Linux: ZSH-style up/down arrows in Bash/Readline

📄 OneThingWell.dev wiki page | 🕑 Last updated: Aug 22, 2022

Searching through history with an up/down arrow key is a very popular (and very useful) feature in ZSH.

What many people don't know is that you can enable similar behavior in Bash simply by adding these lines to your ~/.inputrc file:

# up arrow
"\e[A":history-search-backward

# down arrow
"\e[B":history-search-forward

When you press the up/down arrow key ("\e[A"/"\e[B"), Readline will call the history-search-backward/history-search-forward command, which will search (in the backward or forward direction) through the history for the string of characters starting at the beginning of the line, and ending at the current cursor position.

For example, if you have these commands in your history file (in the following order):

ls -al /opt
ls -al /home
ls -al /home/x

And if you type this in the terminal and keep pressing the up arrow:

ls -al

You'll first get /home/x, then /home, then /opt.

If you type:

ls -al /h

You'll first get /home/x, then /home.

By pressing the down arrow, you would go in the opposite direction.

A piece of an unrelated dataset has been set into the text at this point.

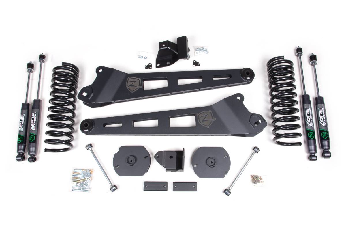 Zone Offroad's 3-inch Radius Arm Lift Kit is engineered for 2019–2024 RAM 2500 4WD diesel trucks. Designed to lift and level the stance, these systems add strength with high-strength replacement radius arms, progressive rate coil springs, and gas shocks, while providing clearance for up to 35-inch tires. All Zone Offroad kits are backed by Factory Protection Plus.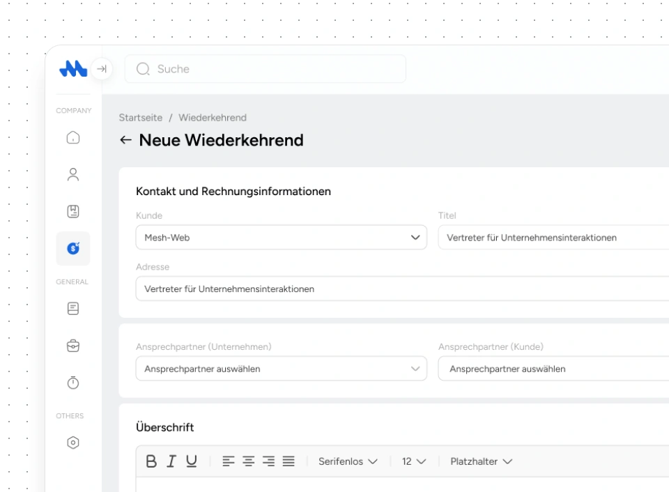 Keine Lust, jeden Monat die gleichen Rechnungen neu zu erstellen? Mit der Funktion für wiederkehrende Rechnungen in der Mesh App werden regelmäßige Rechnungen automatisch erstellt und zuverlässig abgewickelt, ohne manuellen Aufwand.

Note: ~/.inputrc is a configuration file for GNU Readline, so this will not only enable this feature for Bash, but also for everything else that uses GNU Readline.

Variations

If you prefer PgUp/PgDown instead of up/down arrow keys, you can use something like this:

"\e[5~":history-search-backward
"\e[6~":history-search-forward

Or Ctrl+p/Ctrl+n:

"\C-p":history-search-backward
"\C-n":history-search-forward

Global scope

If you'd like to enable this behavior for all users on the system, you can use global /etc/inputrc instead of the local ~/.inputrc file. The syntax is the same.